We also have begun to explore effects produced by manipulations in the parameters from the above starting point. For example, we have adjusted parameters to produce a broader tuning for each of the filters, so that their responses overlap at least to some extent across channels.


In general, the frequency responses of the DRNL filters are much sharper than those of the Butterworth filters used in standard CIS processors, at least for six to 12 channels of processing and stimulation and at least for low-to-moderate input levels. Thus, if one simply substitutes DRNL filters for the Butterworth filters without alteration, then substantial gaps will be introduced in the represented spectra of lower-level inputs to the filter bank. Such a “picket fence” effect might degrade performance, even though other aspects of DRNL processing may be beneficial.

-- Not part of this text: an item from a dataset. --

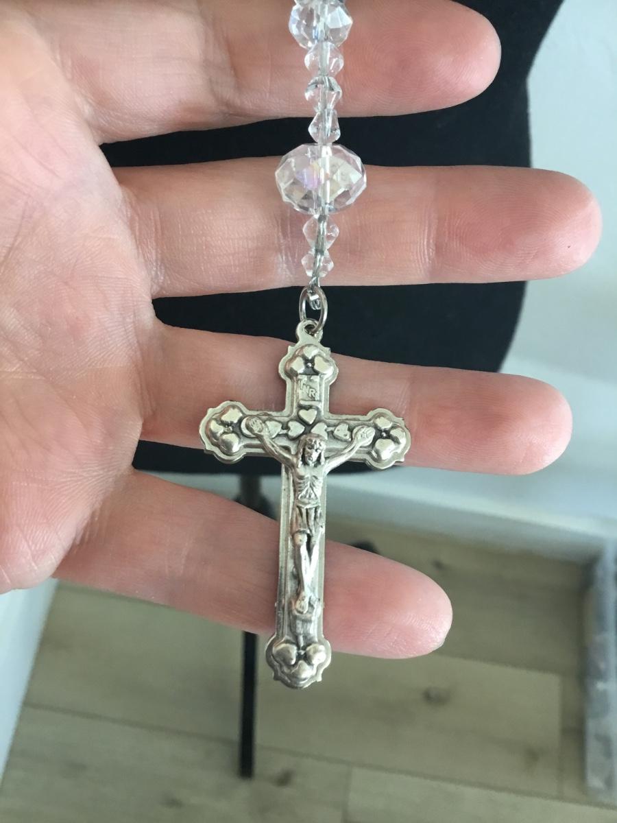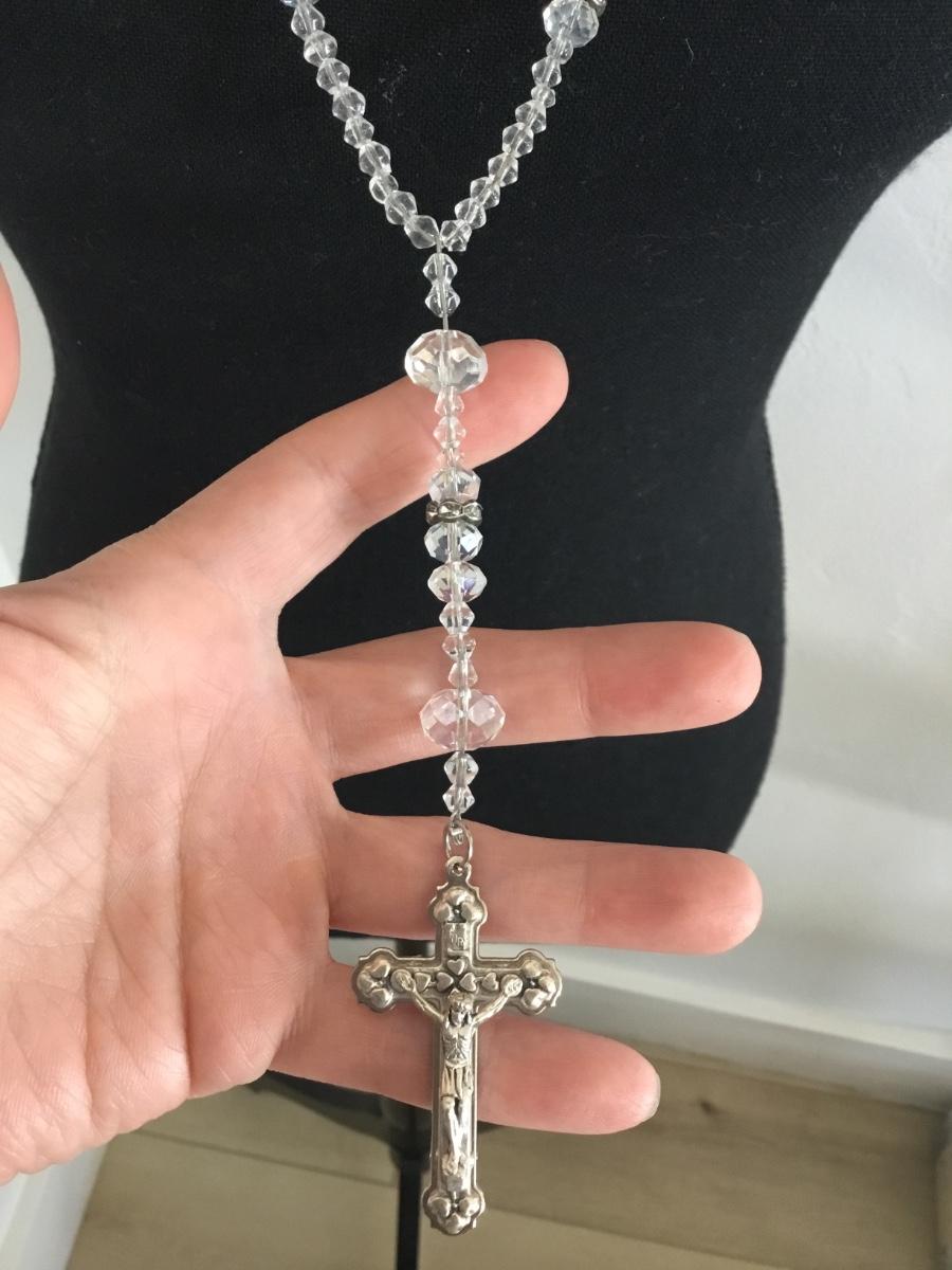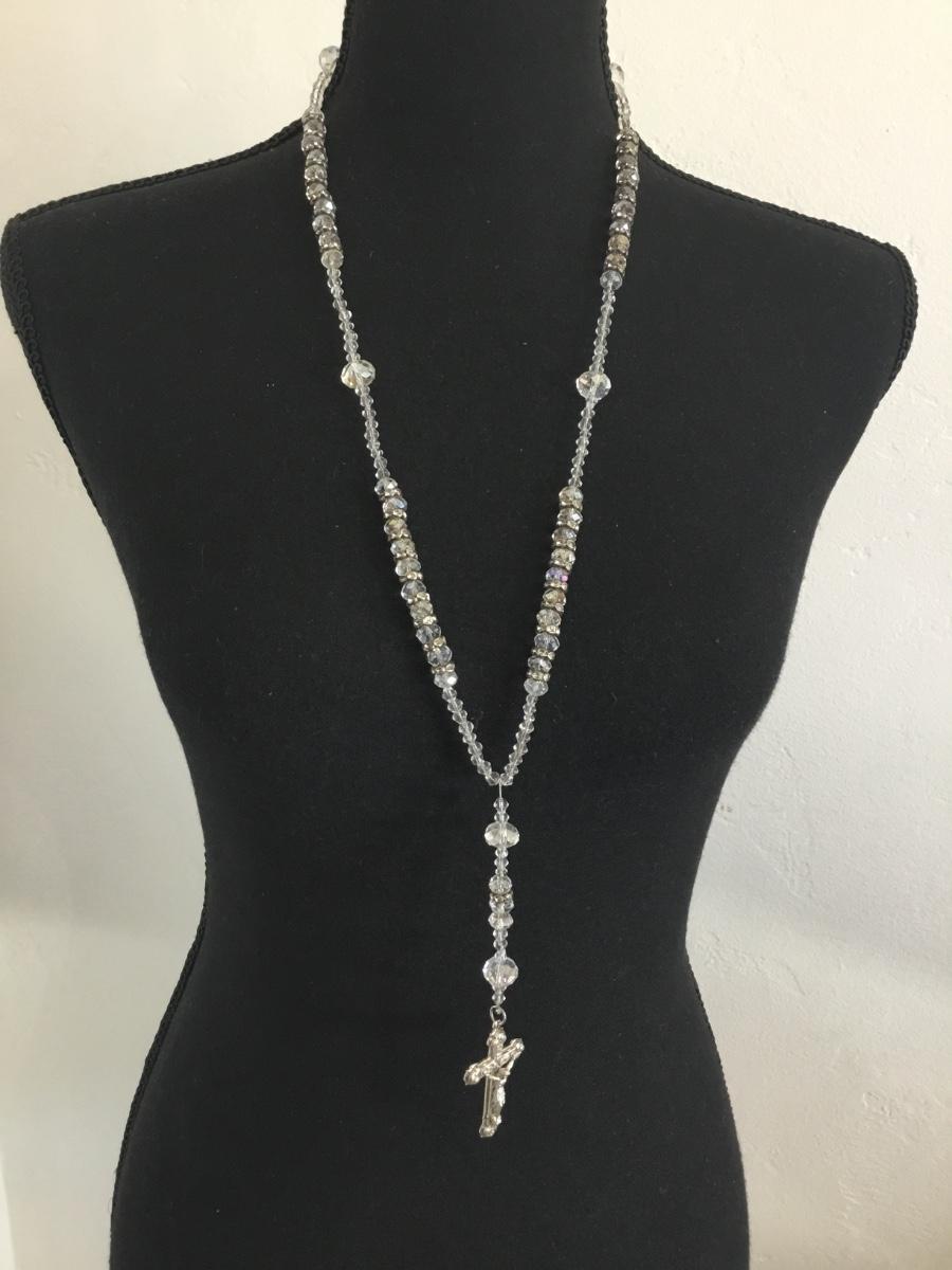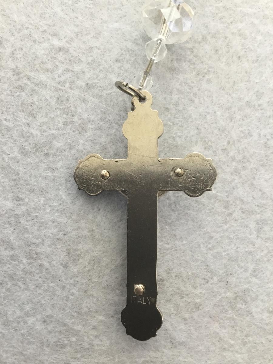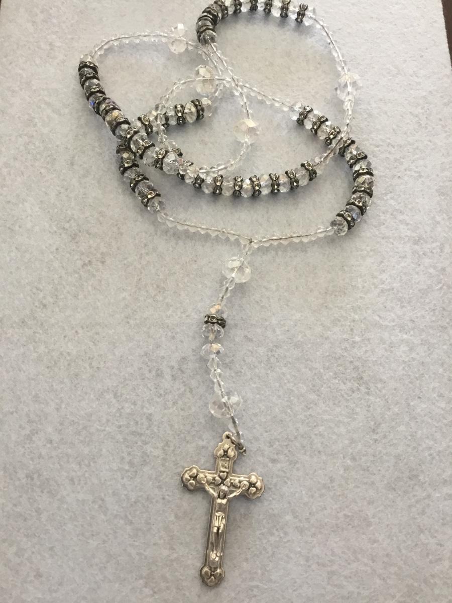 Beautiful, vintage, crystal bead and silver tone, rhinestone spacers, and silver tone Italy cross pendant

Initial Studies with Dual-Resonance, Nonlinear Filters and “n-to-m” Approaches


Studies to date have included evaluation of DRNL-based processors with broadened filters, as noted above. In addition, we have tested n-to-m constructs, in which more than one channel of DRNL processing is assigned to each stimulus site. In one variation, the average of outputs from the multiple channels is calculated and then that average is used to determine the amplitude of a stimulus pulse for a particular electrode. Each DRNL channel includes a DRNL filter, an envelope detector, and a lookup table for compressive mapping of envelope levels onto pulse amplitudes. Thus, the average is the average of mapped amplitudes for the number of DRNL channels assigned to the electrode. We call this the “average n-to-m approach,” in which m is the maximum number of electrodes available in the implant and in which n is the total number of DRNL channels, an integer multiple of m. In another variation, the maximum among outputs from the channels for each electrode is identified and then that maximum is used to determine the amplitude of the stimulus pulse. We call this the “maximum n-to-m approach.” Both approaches are designed to retain the sharp tuning of DRNL filters using the standard (starting) parameters, while minimizing or eliminating the “picket fence” effect.


These n-to-m approaches are illustrated in Fig. 5–2. As shown, the spectral gaps or “picket fence” effect produced by assigning only one DRNL filter (or channel) to each stimulus site (top panel) is reduced or largely eliminated with the average n-to-m or maximum n-to-m approaches (middle and bottom panels).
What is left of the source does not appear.